For $n\ge 6$, it takes $n+1$ blocks - see part 2 for the construction. For $2\le n\le 5$, it takes $n+2$ blocks. The $n+2$-block shape that works:
Part 1
Label the blocks based on their centers, placed at lattice points. The shape that does it has blocks at $(-1,0,0,\dots)$, $(0,0,0,\dots)$, $(1,0,0,\dots)$, $(1,1,0,\dots)$, $(1,1,1,\dots)$, and so on until we fill in all of the coordinates with ones.
Why does this work? We prove it inductively, taking the $2$-dimensional L-shape as the base case and showing that an isometry (of any dimension) that fixes the shape must fix each individual block. Our shape is a "worm" with each block connected to two others except for the ends which are only connected to one block each. The two ends are also distinguishable; only one is part of a three-block straight line. Call that end the "head" and the end that isn't part of such a block the tail.
So then, suppose an isometry maps the shape to itself. Since numbers of connections stay the same, the ends must map to the ends. Since the ends are distinguishable, the head must map to the head and the tail must map to the tail. Cut off the tail block, reducing us to the shape with one less dimension. By the inductive hypothesis, the isometry fixes each block of the reduced shape. Add the fixed tail block back in, and the isometry fixes all of the blocks.

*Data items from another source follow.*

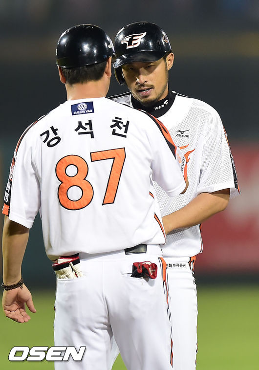 22일 오후 대전 한밭야구장에서 열린 '2014 한국야쿠르트 세븐 프로야구' 한화 이글스와 SK 와이번스의 경기, 6회말 2사 주자 3루 한화 김경언이 좌익수 왼쪽 1타점 적시타를 날린 후 1루에서 강석천 코치와 하이파이브를 하고 있다.
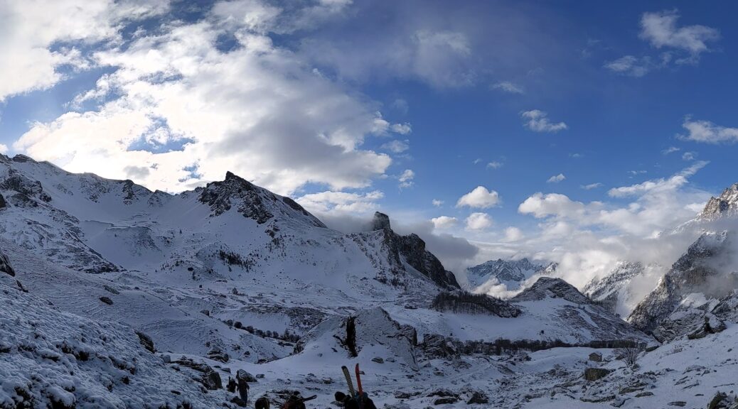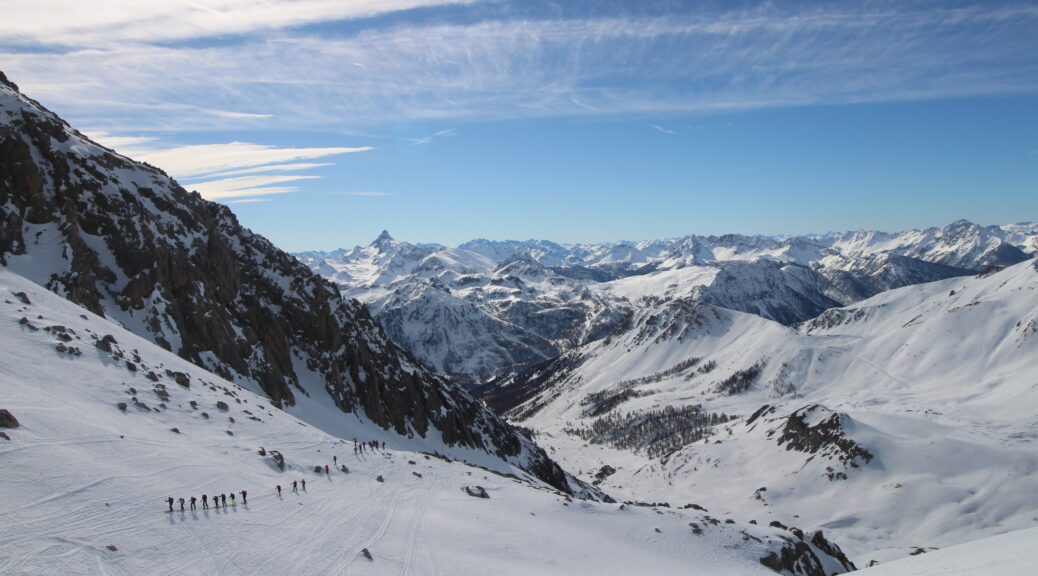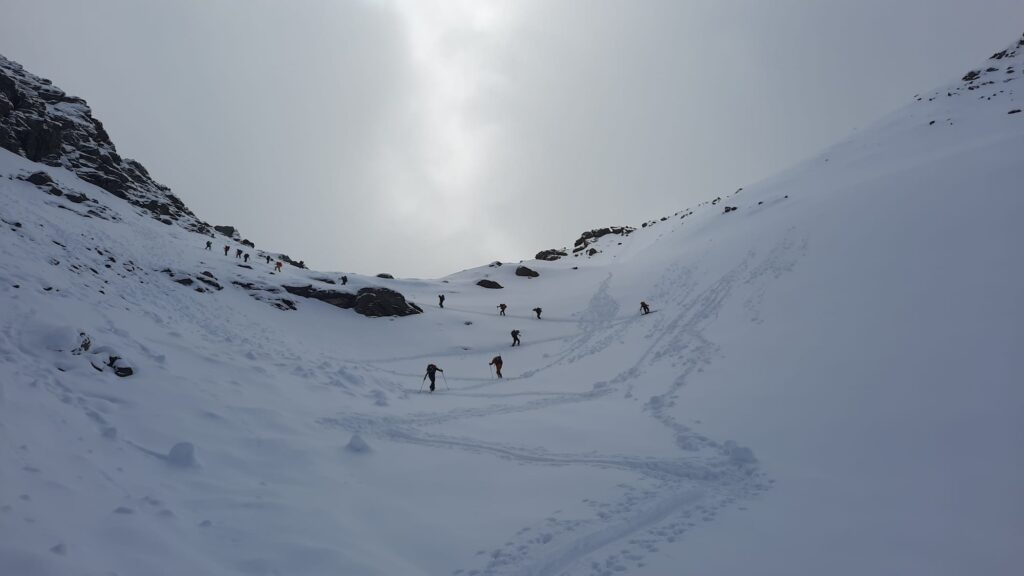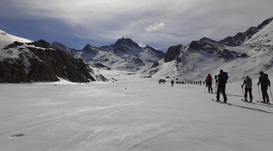 Come ci ricordano Carlo e Federica (che ringraziamo per la relazione di questa ultima gita), le parole di Cognetti risuonano perfettamente dentro a tutti noi amanti della montagna e in particolare a noi scialpinisti che siamo un po’ una “bestia strana“. E sì, amanti del dislivello prima ancora che della discesa (eh già diciamocelo, se no chi ce lo farebbe fare?! saremmo tutti freerider!), amanti di grandi fatiche e disposti ad accettare sveglie sempre più improbabili e improponibili man mano che la stagione avanza…e per cosa? per la ricerca della neve? del perfetto firn, di quella morbida sensazione che lo sci dà sulla superficie innevata? un incredulo interlocutore ci potrebbe domandare – beh..ma con quale frequenza la trovate? e per quanto tempo nell’arco di una gita? A quel punto un po’ di imbarazzo probabilmente calerebbe .. Come glielo spiego che sì e no una mezz’ora di discesa su tutta una giornata di fatica e di ravanage?! … e quindi, cosa? la ricerca dell’avventura? o la vista degli orizzonti immensi? il brivido del pendio? la gioia della curva ben impostata? sì certamente ma forse è anche la sfida della ricerca stessa: leggere bollettini, meteo e relazioni e provare a trovare il luogo perfetto. E poi lì, lungo la traccia, e poi dopo, in cima al pendio, a guardare, scrutare i bianchi pendii e i vicini avvallamenti sempre alla ricerca del passaggio perfetto, alla ricerca di quella amata sensazione sotto i nostri piedi ( e sì! anche i piedi sentono, eccome, chiedetelo a uno scialpinista!) ..qualunque sia il mix che ci porta lassù non c’è niente da fare lì ci vedrete scappare appena possibile 😉 . Carlo e Federica, a voi la parola!
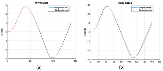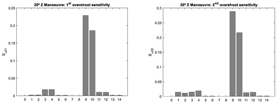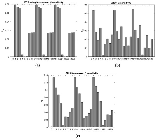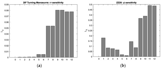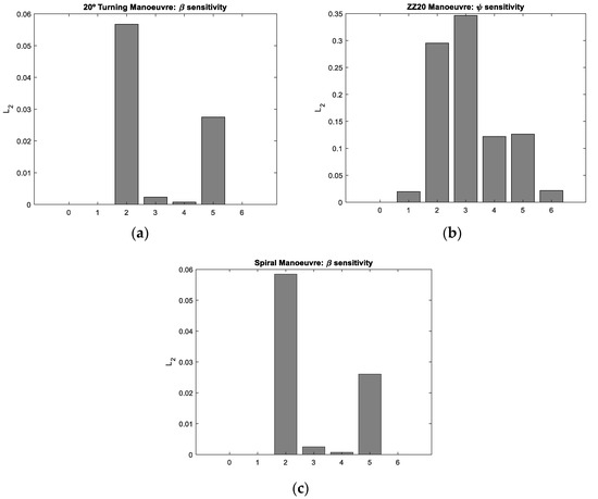 The sensitivity results of the zigzag manoeuvre showed that the output parameters and had the highest sensitivity to perturbation in , closely followed by . The highest sensitivities were those of the output parameters and . The drift angle was the least sensitive output parameter, with about 23% of the sensitivity of .

Finally, take the $n$-dimensional shape and restrict our isometry to an isometry of $\mathbb{R}^n$. The vector differences between centers of blocks span $\mathbb{R}^n$, so an isometry that fixes every block fixes a spanning set, and must fix all of $\mathbb{R}^n$. Done.
Part 2
While the above shape always works, it isn't necessarily minimal. To pin down the exact minimum, first note that any shape with $n$ or fewer blocks in it fits in $n-1$ or fewer dimensions; each new block is connected to a previous block, and those $\le n-1$ vectors don't span the full space. Then we just have to take an isometry that fixes all of the dimensions the shape is in, and reflects in one of the other dimensions. Therefore, the minimum is always at least $n+1$.

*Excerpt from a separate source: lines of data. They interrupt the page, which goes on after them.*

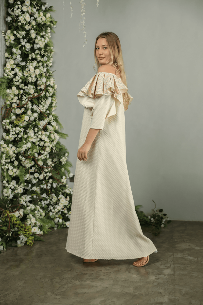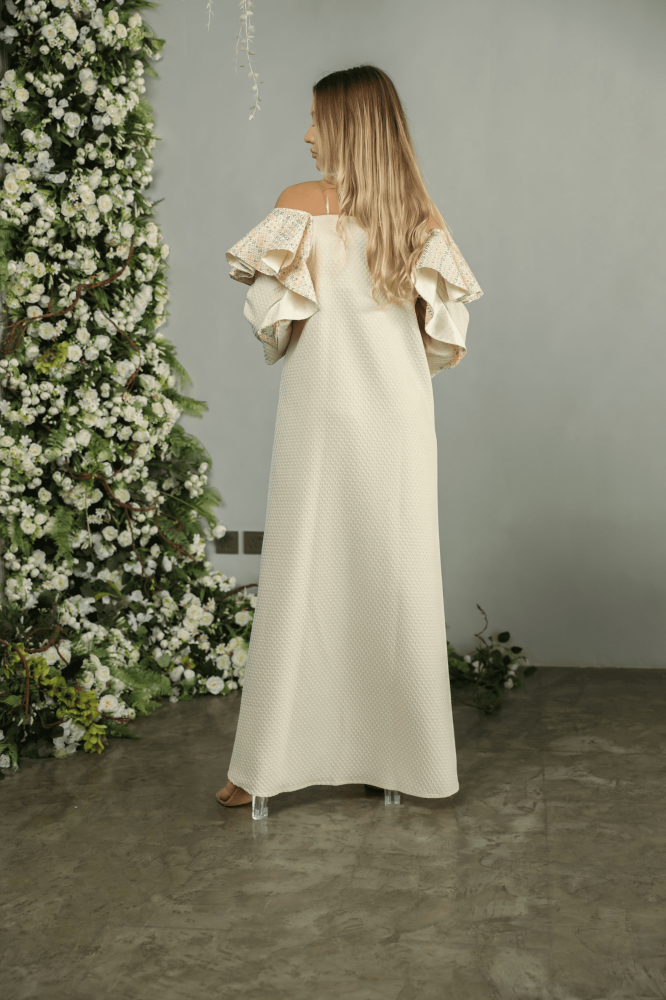 جلابيه لإطلالة جذابه بمكس خامات الجاكار والتفتا والفاخر بتصميم اكمام اوف شولدر مشغول شك وتطريز ناعم وراقي
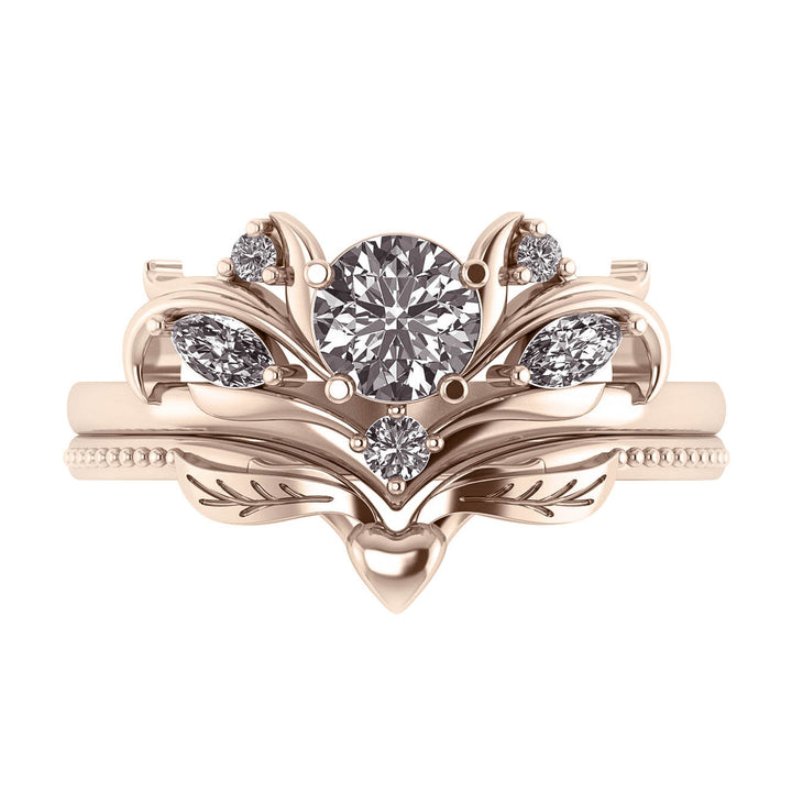 Magnificent Swanlake wedding ring set features nature-inspired style complimented with a tiny winged heart underneath. Adorned with central round cut gemstone it has marquise cut accent gemstones looking like petals or buds.
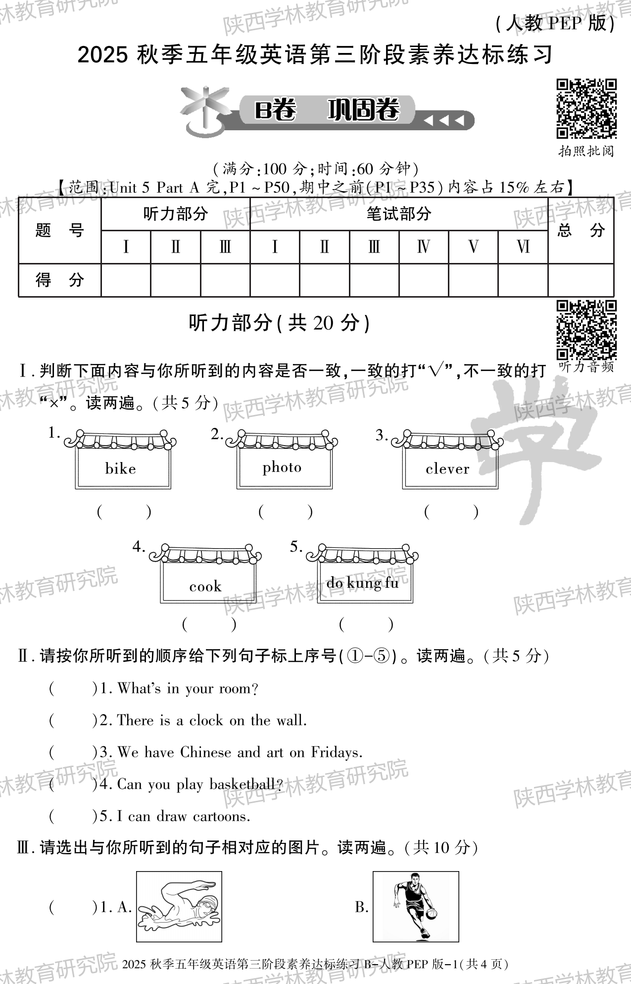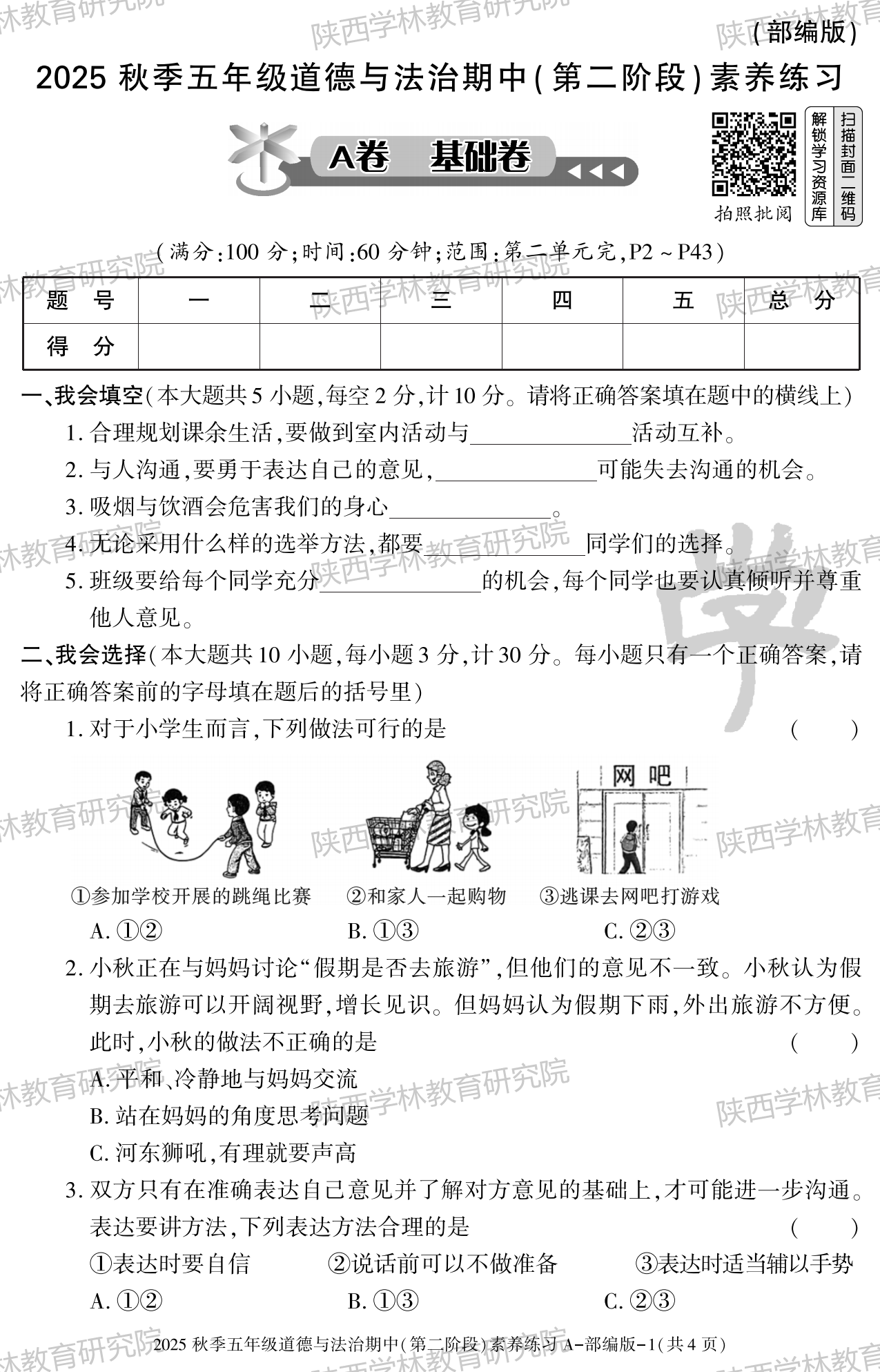 2025年秋小学【期中】自查卷(上册)语数英(版本可选)

For $n\ge 6$, the minimum is equal to $n+1$. The seven blocks of the six-dimensional shape: $(0,0,0,0,0,0)$, $(1,0,0,0,0,0)$, $(0,1,0,0,0,0)$, $(0,1,1,0,0,0)$, $(0,0,0,1,0,0)$, $(0,0,0,1,1,0)$, $(0,0,0,1,1,1)$. We have a base block with three "tails" of different lengths coming from it, and that base block is the only block connected to more than two other blocks. Since the tails have different lengths, they're distinguishable and any isometry must fix each tail. Like our $n+2$ example, this uses all the dimensions, and thus any isometry that fixes all the blocks fixes everything.
For $n>6$, we extend this shape by adding more blocks to the longest tail, up to $(0,0,0,1,1,1,\dots,1)$. All the key properties remain, and the shape has no nontrivial isometries.
Part 3
That leaves $n\le 5$. To get a slightly better understanding, I'll turn to graph theory here; if we take the blocks as vertices and adjacent connections as edges, we have a graph. A shape of $n+1$ blocks that uses all dimensions must have its graph be a tree; the $n$ edges are linearly independent, and there are no cycles
Now, any graph automorphism of this tree induces an isometry of the shape. We will now show that any tree on three to six vertices has nontrivial automorphisms, and thus any $n$-dimensional shape of $n+1$ blocks has a nontrivial isometry for $2\le n\le 5$.
Three vertices: There's only one tree up to automorphism. Swapping the two ends is an automorphism.
Four vertices: There are two trees up to automorphism:

Both of them have nontrivial automorphisms; reverse the order for the first, shuffle the leaves for the second.
Five vertices: There are three trees up to automorphism:

All have nontrivial automorphisms, easily visualized.
Six vertices: There are six trees up to automorphism:

Once again, all have nontrivial automorphisms; swapping tails of equal length always works.